In Alexander Payne’s Nebraska, an old man (Bruce Dern) in the early stages of aged confusion gets a piece of junk mail that says he has the chance to win $1 million. He thinks he’s won and needs to get from his Montana home to Lincoln, Nebraska (the mail’s return address) to claim his money. He’s all ready to walk there, seeing as he’s not well enough to drive and still hasn’t fixed up the busted pickup that’s been sitting in his garage for a decade. His younger of two grown sons (Will Forte) agrees to drive him, his older son (Bob Odenkirk) and wife (June Squibb) slowly shaking their heads at all this silliness. Forte calmly hears his mother’s objections as she asks why he won’t take her to see her sister instead of indulging his father’s figment of the imagination.

The dignity of the old man’s nonsense quest comes in simply allowing him a sense of purpose and good fortune, the removal of which would be awfully difficult anyway. Payne’s typical sweet-and-sour comic drama chops, on display in the likes of About Schmidt and The Descendents, serve Bob Nelson’s dryly observant road trip screenplay well as the man and his son stop off to see relatives along the way in domestic scenes so true I found myself thinking, I’ve been in those rooms! Conversation is terse, halting, transactional, loosely organized, understated, half-loving and half-prickly. My favorite exchange comes when Forte’s elderly aunt (Mary Louise Wilson) says his uncle’s foot’s been bothering him again. There’s a long pause before the man (Rance Howard) simply says, “Naw. Just hurts.”

It’s all so sharply moving and funny that by the time it concludes with a fuzzy and generous sense of tough Midwestern sentimentality, it’s very nearly earned.
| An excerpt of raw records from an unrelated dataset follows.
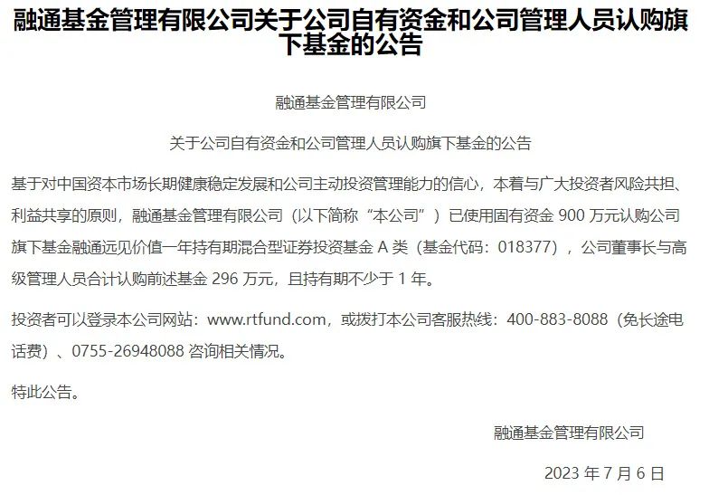 具体而言,7月6日,融通基金公告称,基于对中国资本市场长期健康稳定发展和公司主动投资管理能力的信心,融通基金已使用固有资金900万元认购公司旗下基金融通远见价值一年持有期混合A类,公司董事长与高级管理人员合计认购前述基金296万元,且持有期不少于1年。
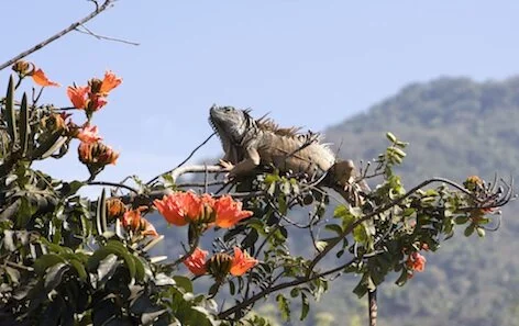 Some species can grow as large as 1.8m long, including tail. Iguanas have excellent eyesight, and use their vision as they move through the forest looking for food.
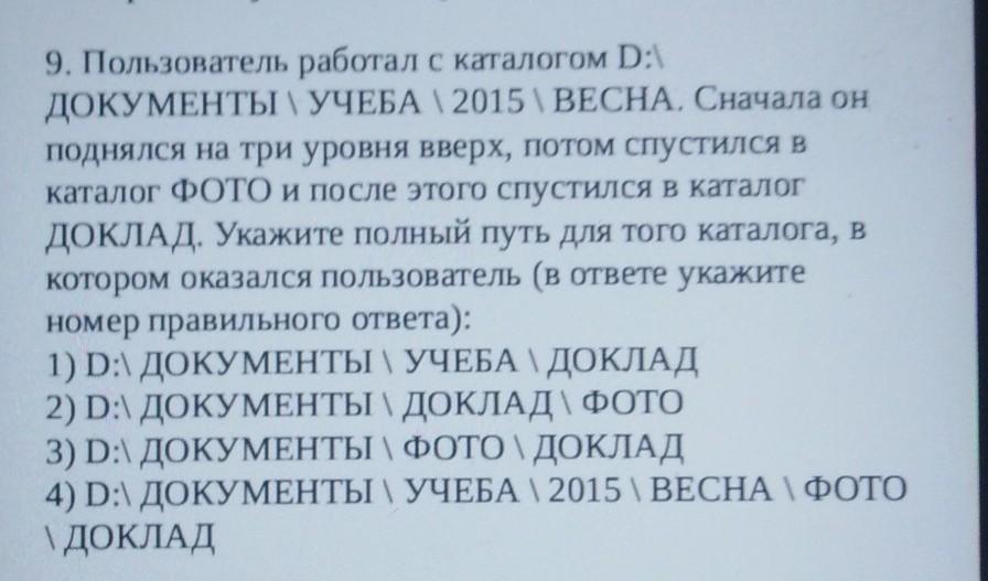 ПОМОГИТЕ ПОЖАЛУЙСТА 9. Пользователь работал с каталогом D:\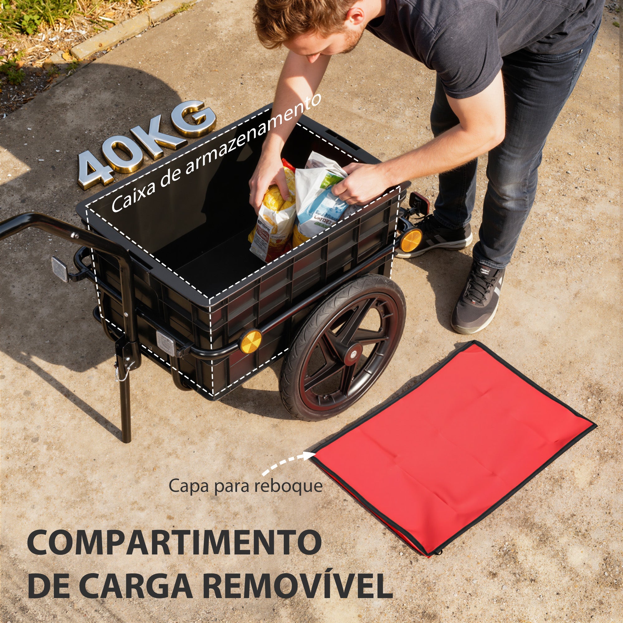 - MEDIDAS TOTAIS: 144x59x80 cm (CxLxA). Medidas interiores: 61x42x30 cm. Capacidade: 70 L. Carga máxima: 40 kg. O reboque para bicicleta requer montagem O pacote inclui: ? 1 x Reboque de bicicleta; ? 1 x Manual de instruções Este reboque de bicicleta da HOMCOM com tampa vermelha permite·lhe transportar facilmente todo tipo de cargas: compras, bagagem, caixas ou ferramentas. Com capacidade de 70 L e estrutura de aço com lona Oxford impermeável, combina resistência e praticidade. Graças ao seu sistema de acoplamento universal e seus refletores, poderá utilizá·lo com segurança tanto de dia como de noite. Também pode ser usado como carrinho de mão independente graças às suas alças integradas.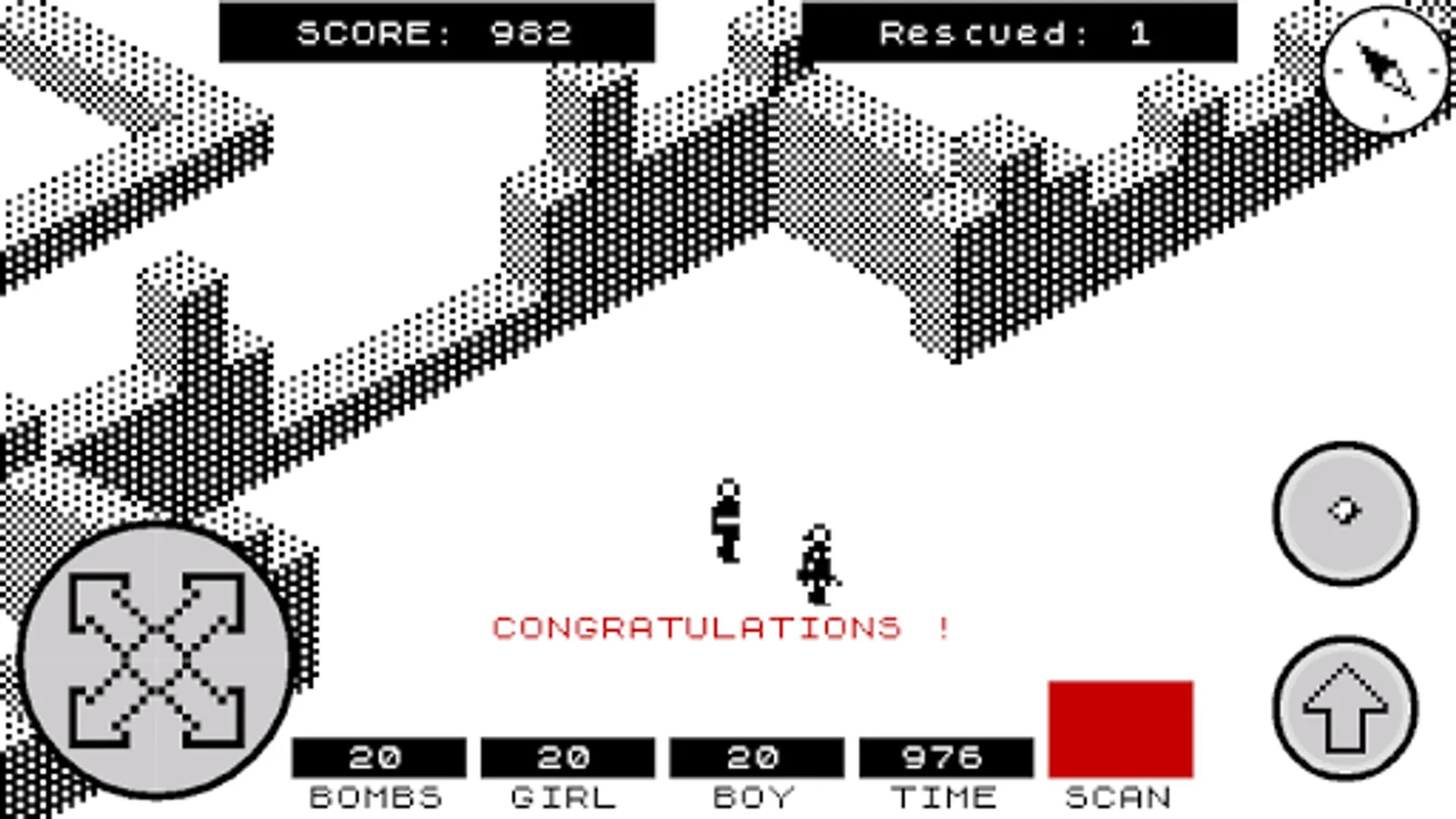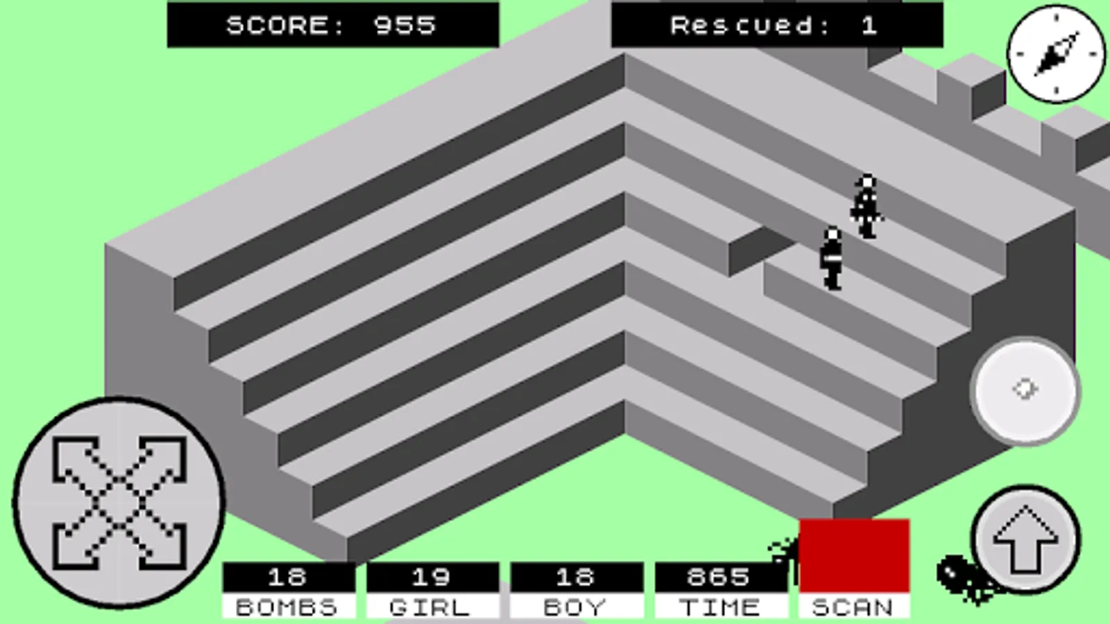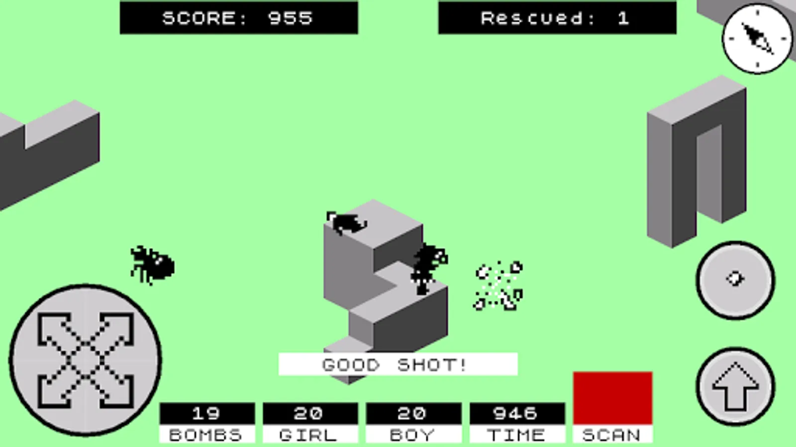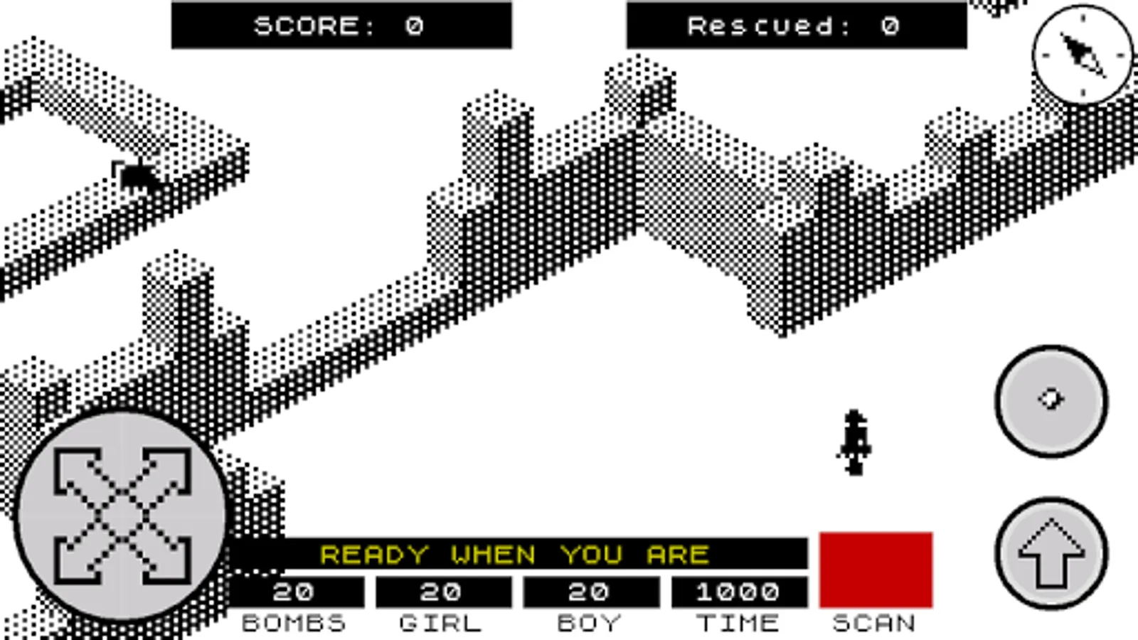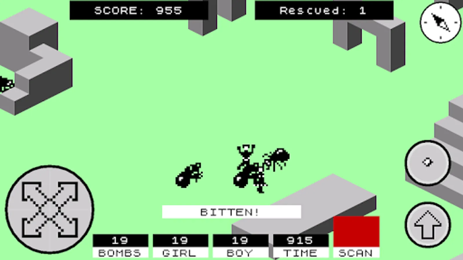 You are either a boy or a girl (the game allows to choose at the start) who has to enter the walled city of Antescher in order to rescue their significant other who has been captured and tied up somewhere in the city. The city is inhabited by giant ants which chase and attempt to bite you. You can defend yourselves by throwing grenades at the ants. Once the hostage is rescued, the two must escape the city. After this, try it again with the hostage located in a different part of the city, with each location being progressively more difficult to reach than the previous.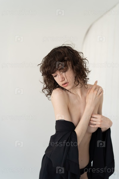 Портрет молодой красивой женщины с вьющимися волосами в студии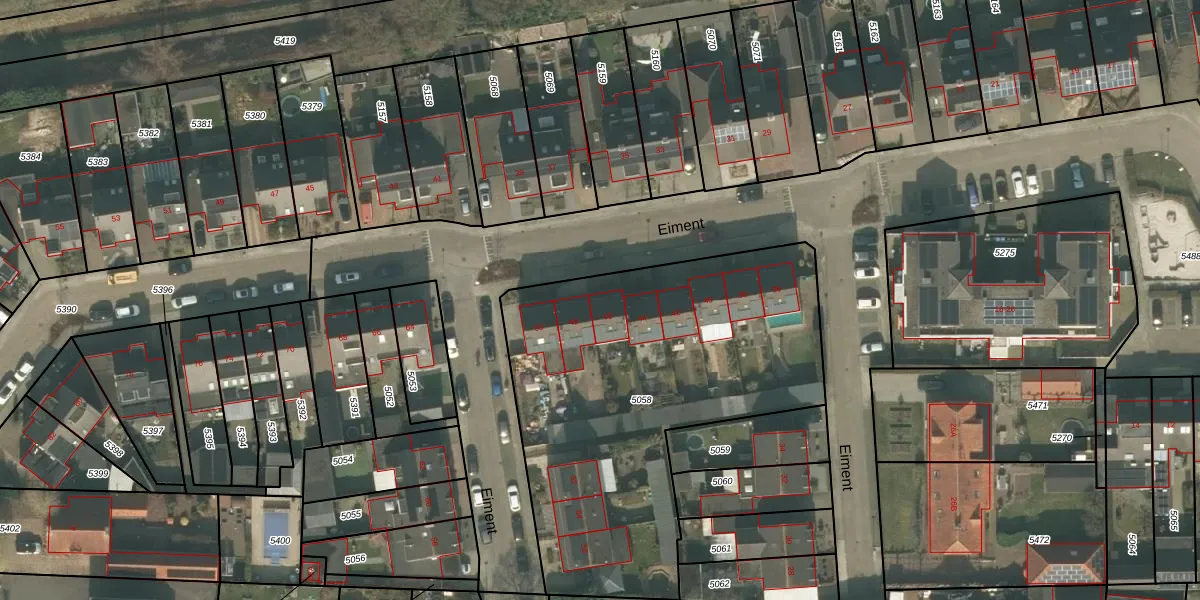 Het perceel waarop Eiment 46 staat heeft een oppervlakte van 2025 m². Dit is een zeer groot perceel. De perceeloppervlakte wordt geregistreerd door het Kadaster. Gedetailleerde informatie over de maten van dit perceel kunt u vinden in het rapport Kadastrale kaart met maatvoering van Eiment 46.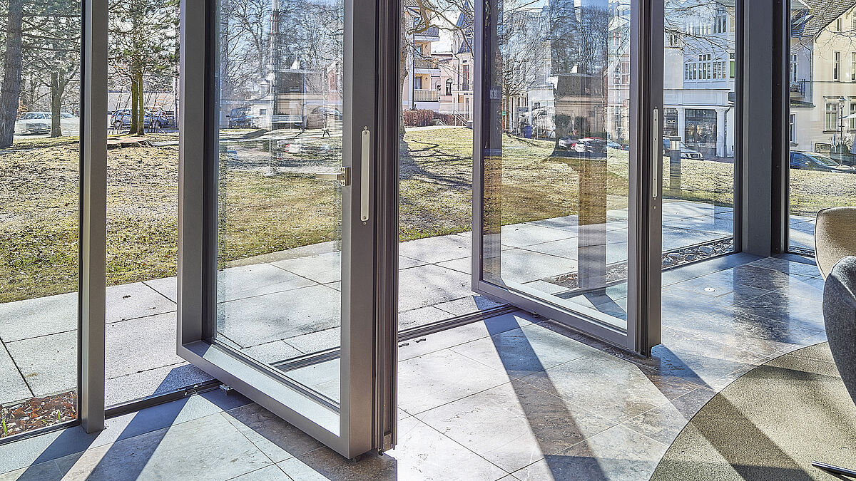 Die VISS Fassadentüren entsprachen dem Wunsch der Architekten nach raumhohen und rasterfeldgrossen Öffnungselementen, die die Pfosten-Riegel-Fassade beleben. Grundsätzlich sind Türhöhen bis zu sechs Meter möglich; da die maximalen Türflügelgrössen und Türflügelgewichte aber von verschiedenen Faktoren beeinflusst werden, ist stets eine individuelle Konfiguration erforderlich. Für den verglasten Anbau des Tourismus-Service-Zentrums in Heringsdorf wurden sie «nur» knapp drei Meter hoch gefertigt, korrespondierend zur Raumhöhe des Besucherpavillons. VISS Fassadentüren öffnen grundsätzlich nach innen; wegen des versetzten Anschlags ist die Öffnung jedoch auch von aussen deutlich wahrnehmbar: Je nach Öffnungsgrad ragen die Türflügel mal mehr, mal weniger über die Fassadenebene hinaus.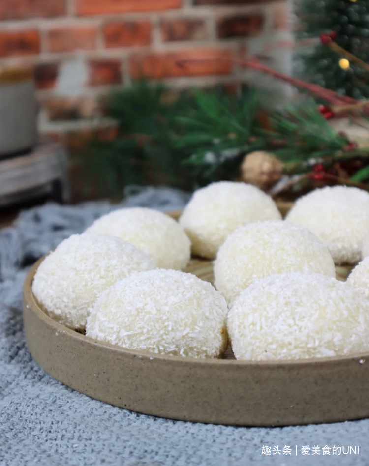 第六步:取一个小剂子按平,包上馅料收口捏紧,在椰蓉上滚一圈就可以啦!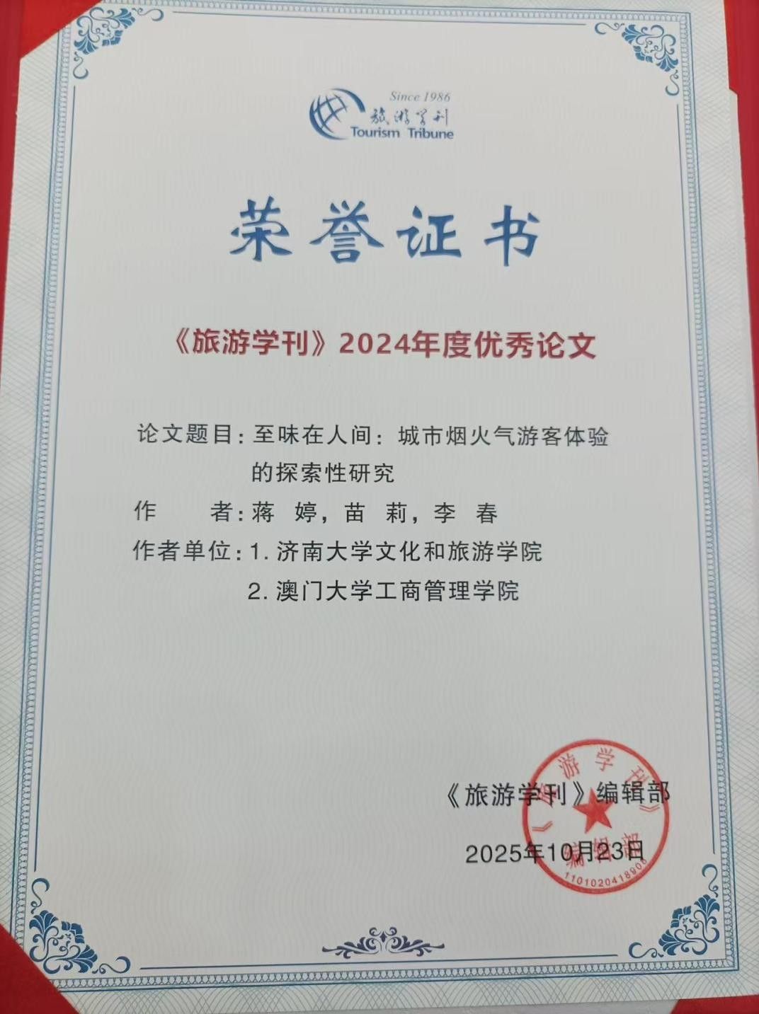 近日,在西安结束的2025《旅游学刊》中国旅游研究年会上,由编委组成的论文评审委员会多轮评选,遴选出2024年《旅游学刊》年度优秀论文10篇。太阳城赌场蒋婷教授和其研究团队撰写的论文《至味在人间:城市烟火气游客体验的探索性研究》,被评为2024《旅游学刊》年度优秀论文。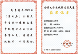 获“华数杯”全国老员工数学建模竞赛国家一等奖4项【21大数据-黄予攀、方言、21中法大数据-徐章升;21信计-钟子琦、王涛、邓海瑶;22信计-杨佳乐、21计算机-李露露、22信计-刘怡婷;21工业工程(中德)-王森鸿、21中法大数据-舒展、21大数据-来程凯】,国家二等奖7项,国家三等奖5项。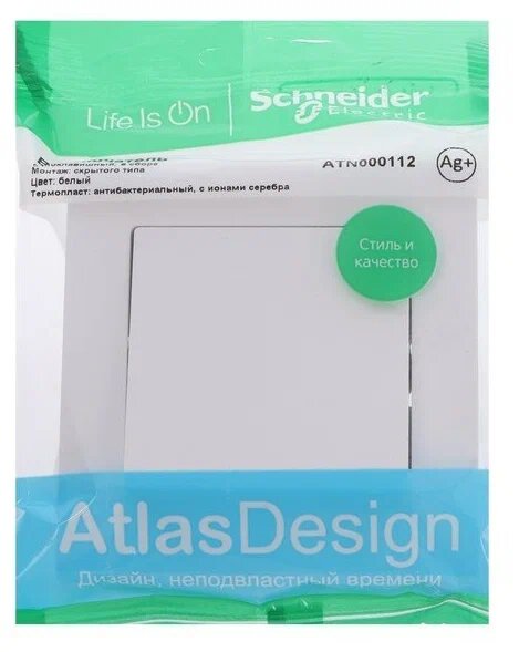 AtlasDesign ATN000112 Выключатель одноклавишный (10 А в сборе скрытая установка белый) Schneider Electric ATN000112 AtlasDesign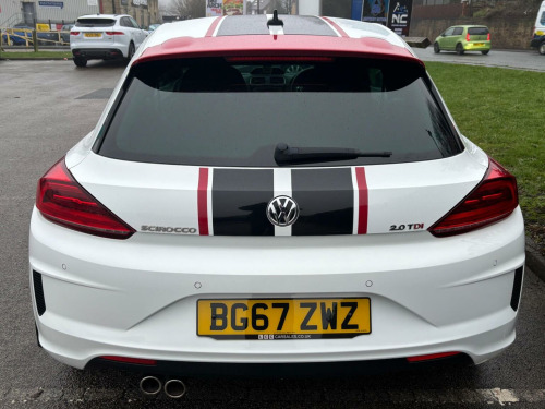 WE ARE PLEASED TO OFFER THIS HIGHLY DESIRABLE HIGH SPECIFICATION WELL MAINTAINED RARE LOW MILEAGE LOW OWNERSHIP AUTOMATIC EURO SIX VOLKSWAGEN SCIROCCO 2.0 TDI R-LINE DSG THREE DOOR + FINISHED IN THE BEST COLOUR OF PURE WHITE PAINTWORK AND IS COMPLEMENTED WITH THE EXTERIOR STYLING PACK WITH A CONTRASTING FULL TITAN BLACK VIENNA LEATHER UPHOLSTERY + ONLY 33,540 MILES HAS BEEN COVERED IN TOTAL BY TWO OWNERS + LAST OWNER SINCE SEPTEMBER 2020 AND IS BACKED WITH AN EXCELLENT SERVICE + JUST BEEN SERVICED WHICH INCLUDED THE CAMBELT KIT AND WATER PUMP BEING REPLACED PLUS THE GEARBOX BEING SERVICED TOO + THE MOT IS TILL FEBRUARY 2027 + OUTSTANDING CONDITION THROUGHOUT AND DRIVES SUPERB + 184 BHP MODEL + FULL R-LINE SPECIFICATION WHICH INCLUDES DISCOVER SATELLITE NAVIGATION / HEATED FRONT SEATS / MULTI FUNCTION LEATHER SPORTS STEERING WHEEL / FULL ELECTRIC PACK / DAB TUNER/ TINTED GLASS / HILL START ASSIST / MOBILE PHONE INTERFACE / SPRT EQUIPMENT / 19 TALLADEGA ALLOY WHEELS FINISHED IN GLOSS BLACK / PARKING DISTANCE CONTROL FRONT AND REAR / PREMIUM MULTI FUNCTION DISPLAY WITH MULTI COLOUR DISPLAY / AUTO DIMMING REAR VIEW MIRROR PLUS MUCH MORE + HANDBOOK PACK + DIGITAL PRINTOUT SERVICE HISTORY + 2 X KEYS + ANY TRIAL OR INSPECTION IS WELCOMED + HPI CLEAR WITH CERTIFICATE + SIX MONTHS NATIONWIDE WARRANTY IS INCLUDED + VOLKSWAGEN BUILD QUALITY + VIEWING IS ESSENTIAL TO APPRECIATE THIS TRULY CHERISHED EXAMPLE OF THIS MUCH SOUGHT AFTER MODEL. We have been established in Baildon for over 20 years. All our vehicles are fully inspected, prepared and valeted. We are finance specialists. Part exchange is welcome. All major credit and debits accepted. Open 7 days. Our postcode is BD177EX.

The resolution comes not so much from plot or a change in circumstance, but from a simple act of dignity allowed an old man who appreciates it with as much stoic befuddlement as he can be. Dern’s performance is real and creaky a picture of low-level confusion and unshakable delusion. Forte’s a fine low-key foil, exasperated by his father’s unshakable misunderstanding, but so full of loving affection that he’d rather protect his father from those circling to get a piece of the nonexistent prize and shelter him from those who’d make fun of the truth. That just might be a losing battle.

The ensemble – from Odenkirk and Squibb to the myriad small town relatives and acquaintances, including Stacy Keach with perfectly pitched arrogance – is so fully real and convincing there’s hardly a false note among them. Their dialogue is funny in the way your relatives (mileage with this comparison may vary) are funny, with unexpected detours, sudden surprise revelations presented matter-of-factly, conversational roundabouts, and wondrous colloquialisms. The false notes ring softly in the script as it falls into predictable road trip patterns and there’s scarcely a surprise on a story level. That kept it a tad on the narratively uninvolving side for me. The milieu is presented with such clarity and truth, the plot mechanics feel at times like nothing less than an unwelcome intrusion. But the characters feel so real that when the movie was at its best, I hardly cared. Nebraska is as prickly and unhurried as its characters, filmed in bracing black and white that casts it all in a fading glory. The past, endlessly picked and poked by being in old places with old relatives, may be gone, but there’s still dignity in allowing the old man to believe he’s rich. With a son like that, who is to say he isn’t?